While Carol and I were talking, she did a little sneeze and told me in her beautiful French accent, that a sneeze was a bit like an orgasm! Later the same day I was talking to my friend, Julian, who lives in Peru. Funnily, Julian sneezed and I was reminded to ask him if he had ever heard such a thing before. He said, “ Yes mate! A sneeze is apparently 1/8th of an orgasm”
Hmm, I thought. Trying to remember if I had ever, in my life sneezed, 8 times in a row… Neither of us had, but Julian had heard of a poor girl who had not stopped sneezing for a whole year. She probably didn’t want to! He also said that he knew some male hay fever sufferers that sneezed all the time and blamed the anti histamine drugs for the drowsiness.

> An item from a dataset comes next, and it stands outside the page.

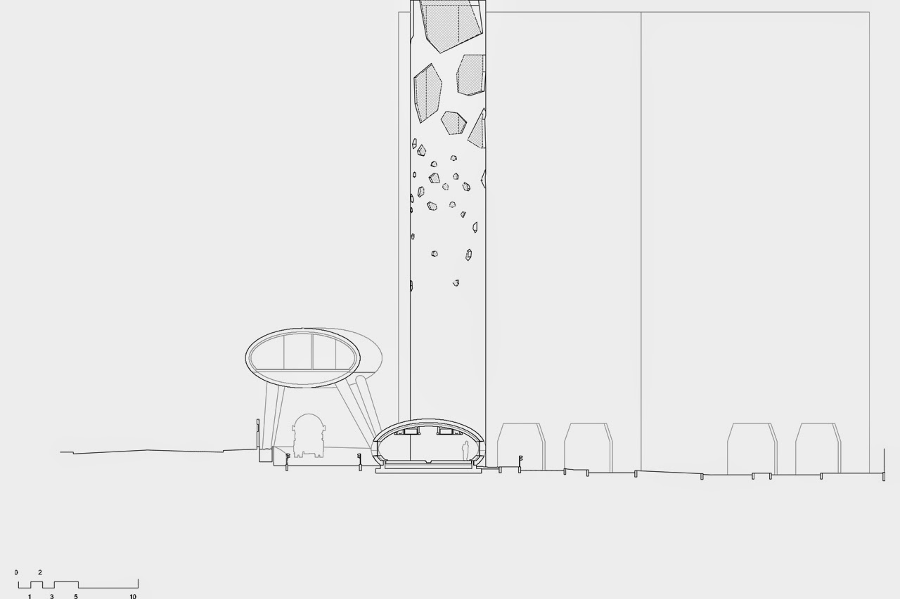 The vertical lift/stair tower is the most visible piece of the building, that acts as a signal by rising only 5 meters from the ring road. The design for the openings is similar but they were fitted with a simple inox mesh. The architects wanted the openings to widen up and lighten up as the tower rises, in contrast to the main silos in the background.

I am a little lonely these days, so I am off to sniff the pepper pot.

Sunday, July 02, 2006

Hugh Hefner


Julie
Originally uploaded by darenpackham.
Our sustained ability to make shallow relationships with beautiful women, fills some weird need to massage our male egos. But! This has us in the enviable position of being surrounded on the beach by bikini clad beauties. We are going for a sort of Hugh Heffner style. (without gold lame thong!) To the slightly jealous onlooker this is probably a bit sad and unbelievable!

The trick to these relationships is for us, to genuinely not care for more than the lovely company. I think that, if any of us tried to develop any of these relationships into deep meaningful, overnight style relationships we would have to start sitting alone on the beach. If we believe that any of these ravishing beauties actually think of us in a romantic way, we really will be sad and the onlookers will be right!

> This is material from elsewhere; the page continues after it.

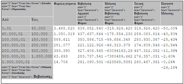 Αντίστοιχος αριθμός πολιτών με μικρή περιουσία θα δει μείωση του ΕΝΦΙΑ έως 50%.

We are making friends though, people to meet at the beach, folks who tap you on the shoulder in the bar to say hi, folks that like to dance, or meet by the park for coffee. This is all good, it helps integrate us into the local community and makes the place feel like home. Without exception, all of us here miss our real home, friends and family. So, to create the feeling of belonging is important to us. I have no doubt that when the time comes to leave, there will be one or two new friends from here, that will be added to the list of people who are greatly missed.